How I got started coding

      

Nov 07, 2017


 
 

The world of computer science is so massive now that it seems daunting every day even for experienced coders. But when you know nothing about computer programming, where do you even begin? Between PHP, HTML, .NET, Ruby, Java, Python, C, and all the various frameworks within those languages, which one do you pick? What is JavaScript, and is it like Java? Do you want to learn web programming, software development, or embedded systems?

 

Jump In

The best way to learn programming is to do just start doing it. Take a tip from Obama who just became to first president to write a line of code. Come up with a project by thinking of something in your life that you need technology to do for you. Whether it is keep track of a list for you, make it easier to perform some task, or let you turn on your coffee machine while you are still in bed. Come up with something that would meet a current need in your life, get excited about it, and build it! You can do it!

My friend Abby just started teaching herself how to code. She thought of an idea for a web application called tomegnome that could keep track of a list of all the books she has read. The app allows her to focus on reading books and not on remembering a long list of titles. She can also look back at what she has read in the past and read notes about the book which she would probably forget after a while. Also there are plans in the future to add recommendations from popular books that are similar to ones she liked in the past. 

Sounds great, right, but how does this work? The answer is you have to start with what you know and try to build up from there. When you run into a roadblock follow this method: read, search, ask. Abby is familiar with the web. She knows what a good website looks like and how to use it. If you want to learn to code and have no idea how the web works, then you should start by exploring websites and getting up to speed on the last 20 years of development in the web. 

 

Choose a language

Now that you have your project, it's time to choose a programming language or framework. What better languages to learn for web programming than PHP and JavaScript, afterall they are the most widely used across the internet for web programming. Currently, PHP has by a wide margin the largest market share with 83% of sites using PHP for the server-side programming language according to W3Techs.

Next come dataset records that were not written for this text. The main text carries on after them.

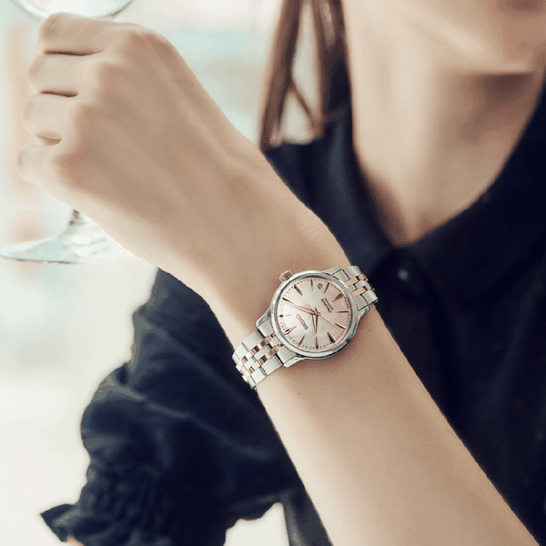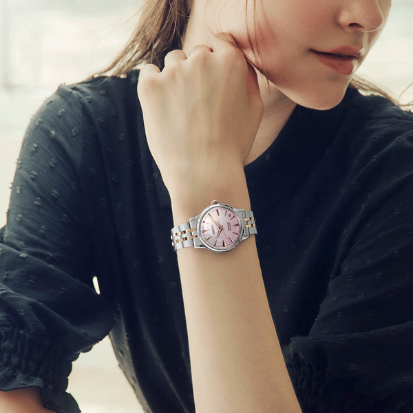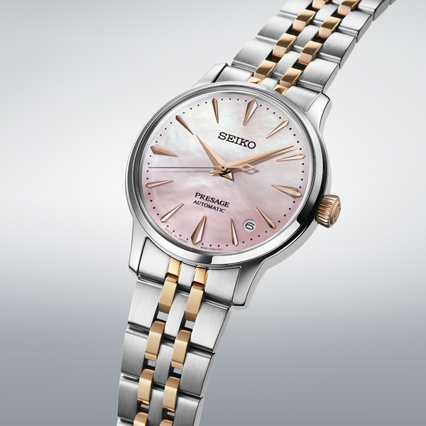 A Seiko Presage Cocktail Time SRPM06J1 “Sakura Aviation” limitált kiadás a japán tavasz hangulatát idézi meg a Cocktail Time kollekció elegáns világában. A modell inspirációját a Sakura Aviation koktél adta, amely a cseresznyefa virágzásának finom, fehérből halvány rózsaszínbe forduló árnyalatait hozza el a számlapon. A gyöngyház hatás és a lágy színátmenet különleges mélységet ad az órának, miközben a rózsaarany részletek kifinomult, nőies karaktert kölcsönöznek neki.
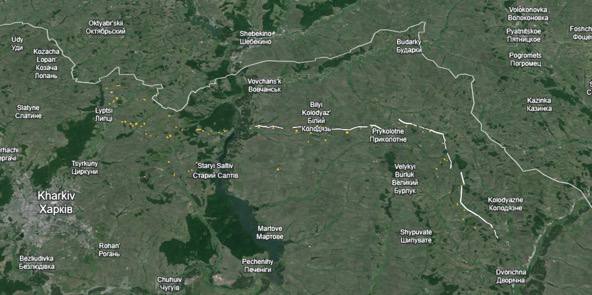 🇷🇺🇺🇦 “Yellow is trench systems, white is anti-tank trenches and dragon’s teeth.” 🔗 Harris View Source
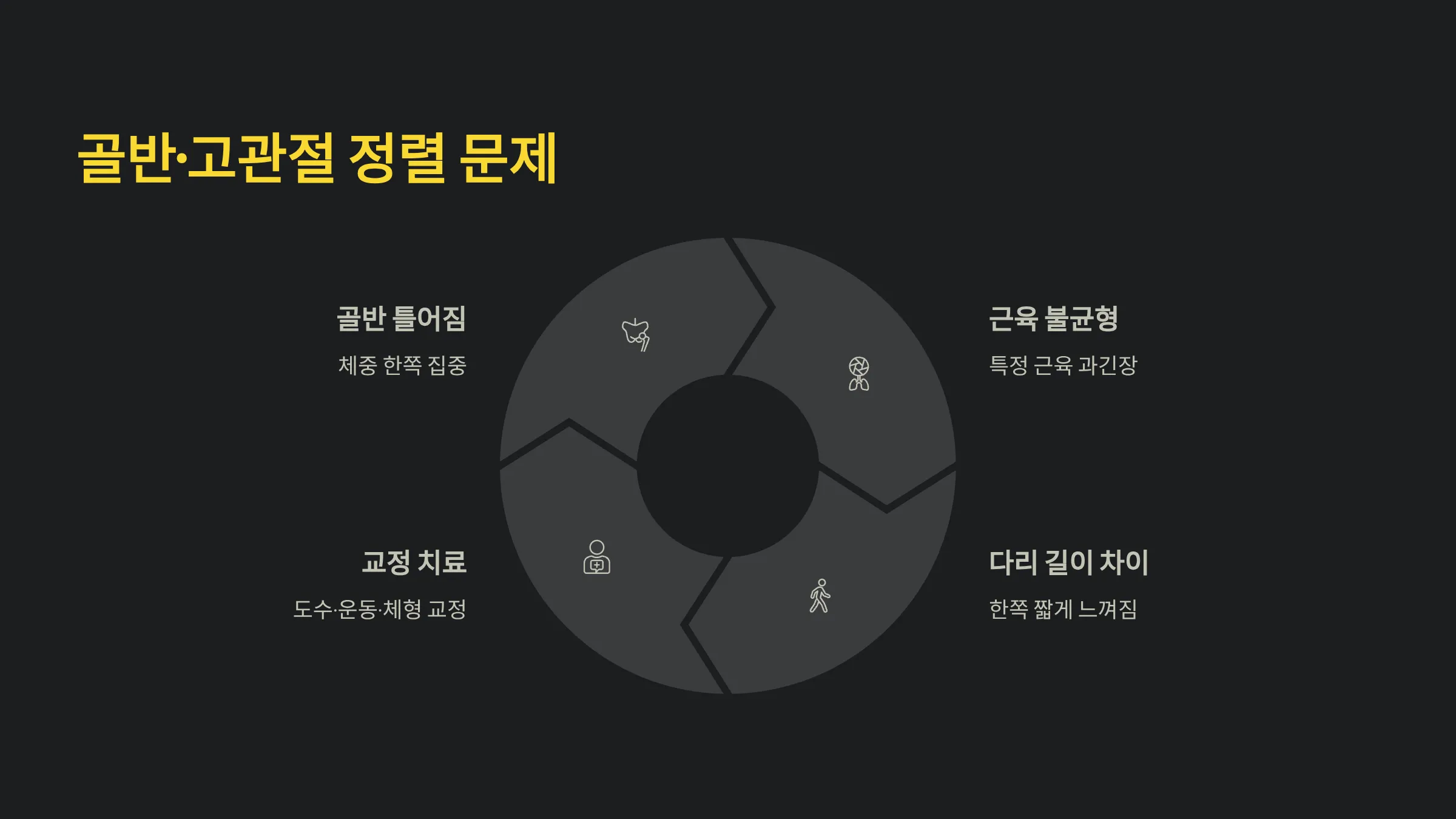 | 고관절·골반 정렬 문제 | 한쪽에만 묵직한 통증과 피로감 | 자세 불균형, 한쪽으로 체중이 쏠리는 습관 |
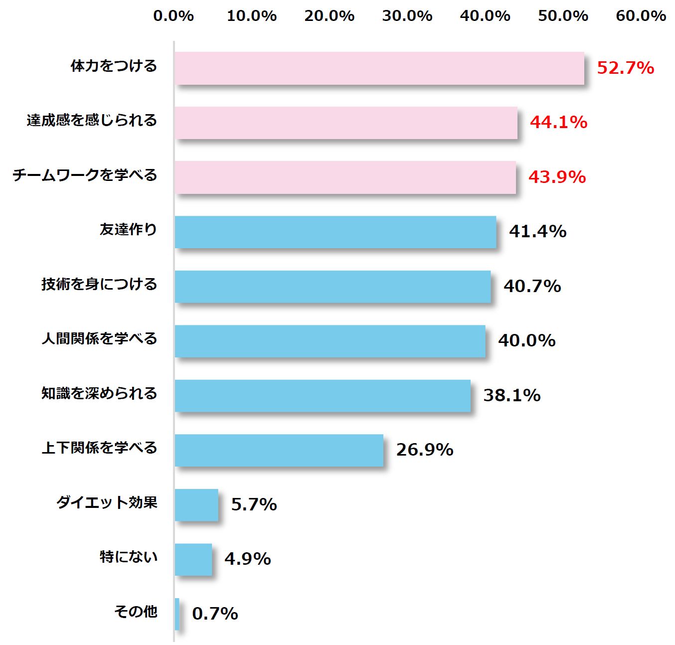 部活や習い事をしている小学4年生から中学3年生までのお子さまを持つ保護者男女700名を対象に、「部活、習い事」のメリットは何か聞いたところ、最多回答は「体力をつける(52.7%)」で、半数以上の保護者が「部活、習い事」のメリットと感じていることが分かりました。次に「達成感を感じられる(44.1%)」、「チームワークを学べる(43.9%)」と続きました。
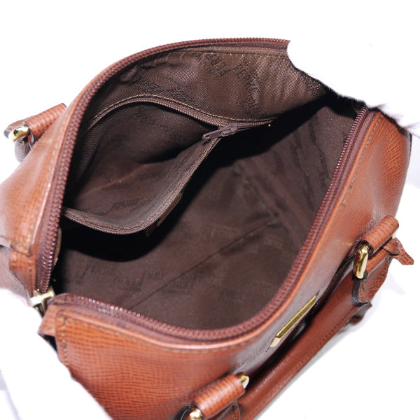 ジャンフランコ フェレ鍵付き総革ミニボストン(明茶)
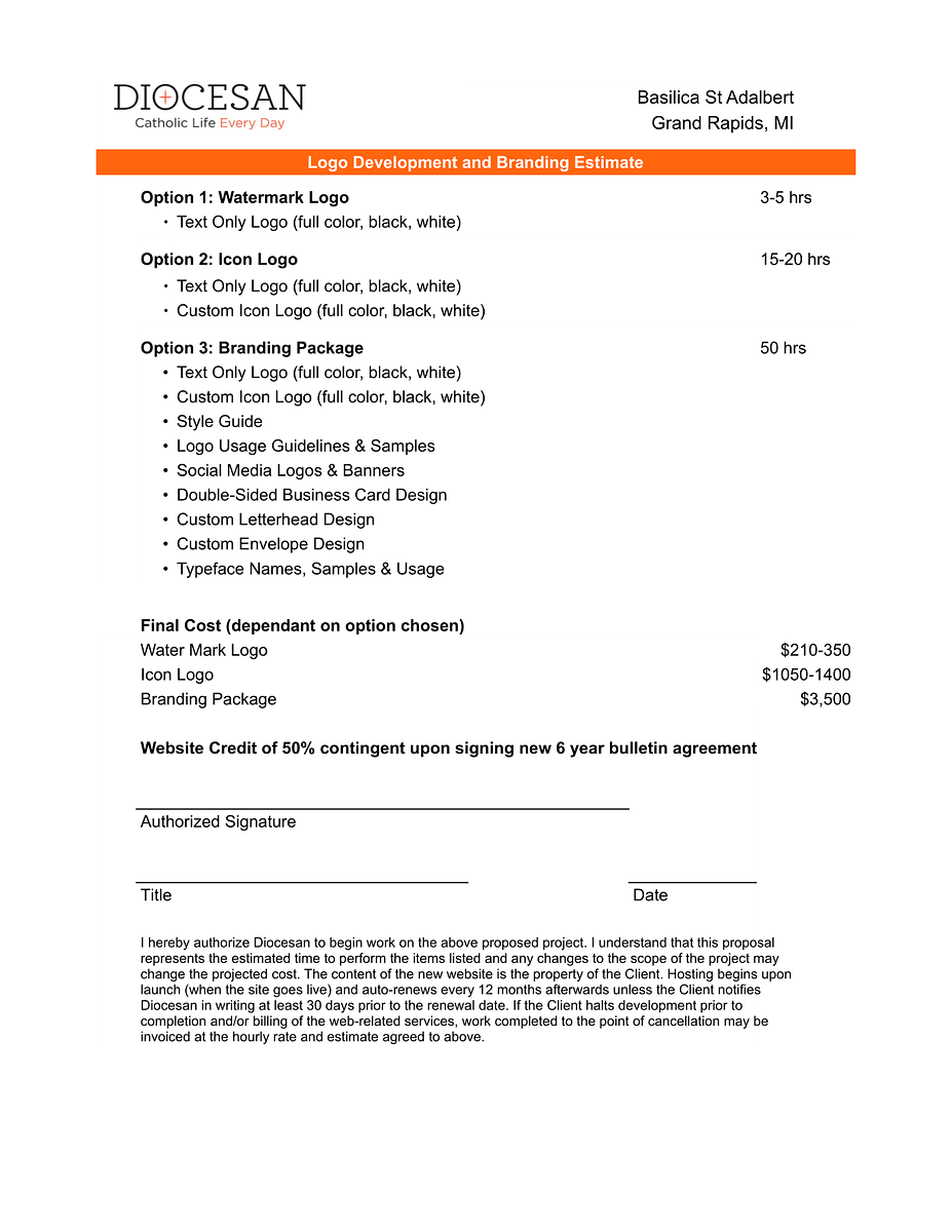 I spoke with my sales team regarding your project. If you were to sign a new 6 year bulletin agreement, the website and logo/branding would be 50% covered. Both the website proposal and the logo and branding proposal include this note. Once the signed proposals are signed and returned to me, I will let my sales team know to reach out regarding the bulletin side of things.
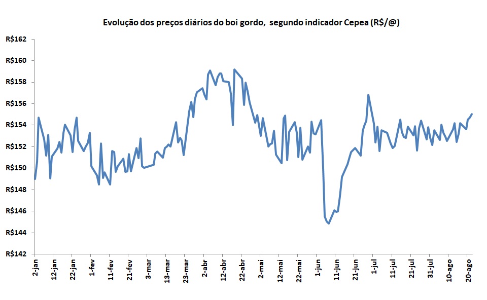 Isso porque no dia 22 de agosto o valor da arroba do boi gordo de R$155,05, segundo indicador Cepea foi o maior desde o final de junho, quando o alcançou a cotação de R$156,90 (28 de junho).
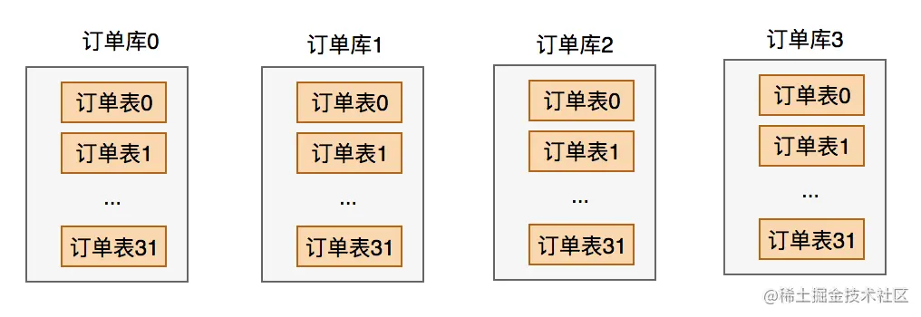 当时分了4个库,每个库有32张表。

Most popular server-side programming languages

© W3Techs.com usage change since
1 September 2017
1. PHP 82.9% +0.1%
2. ASP.NET 14.3% -0.5%
3. Java 2.5% -0.1%
4. static files 1.5%  
5. ColdFusion 0.6%  
percentages of sites

Personally, I started learning PHP first before I even understand how CSS worked. All I knew was enough HTML to get by when I started picking up PHP. There are more advantages to choosing PHP as your first langauge than just market-share too. I think the barriers to entry to learning PHP are low relative to more complex languages such as Java, ASP.Net, and C++ with their object oriented features. With a simple PHP site, there is little to no learning curve putting logic into different files and data structures and loading then in the right places. You can just write code. Its simple and intuitive. Also you don't have to understand much about different data types because PHP is not strongly typed. For example, when you want to declare a variable to hold the date for you, you don't need to know what is a string or how to use it, you just do it like this:

<?php
    $date = getdate();
?>

PHP figures out what type of variable $date needs to be in order to work. You don't have to declare it as a date object. It's so easy. JavaScript works this way too, making it easy to pick up as well.

 

Use Free Resources

Now that know what you want to make and you have decided the languages you want to utilize, how do you actually start using the languages? This is the best way for you to learn because you have a project that you want to create, so you are actually invested in learning the language. In other words, you are learning so you can apply your knowledge not just learning for the sake of it. I recommend at this point to try free coding resources like freecodecamp.com SoloLearn and many others. There is an insane amount of free learning resources on the internet for you. 

Also here is an exhaustive list of free ebooks available on github.

I personally enjoy the "succinctly" series of books and recommend JavaScript Succinctly. Another great book that covers the gotchas of JavaScript(things you should be aware of) is JavaScript: The Good Parts. And once you get more comfortable, I highly recommend reading one or more of Kyle Simpsons books from the series You don't know JS which besides having a great title is now available entirely for free online.

Make something and you will discover that through programming, the possibilities are endless. As long as we have computers to run our code, we can build anything we can imagine into reality!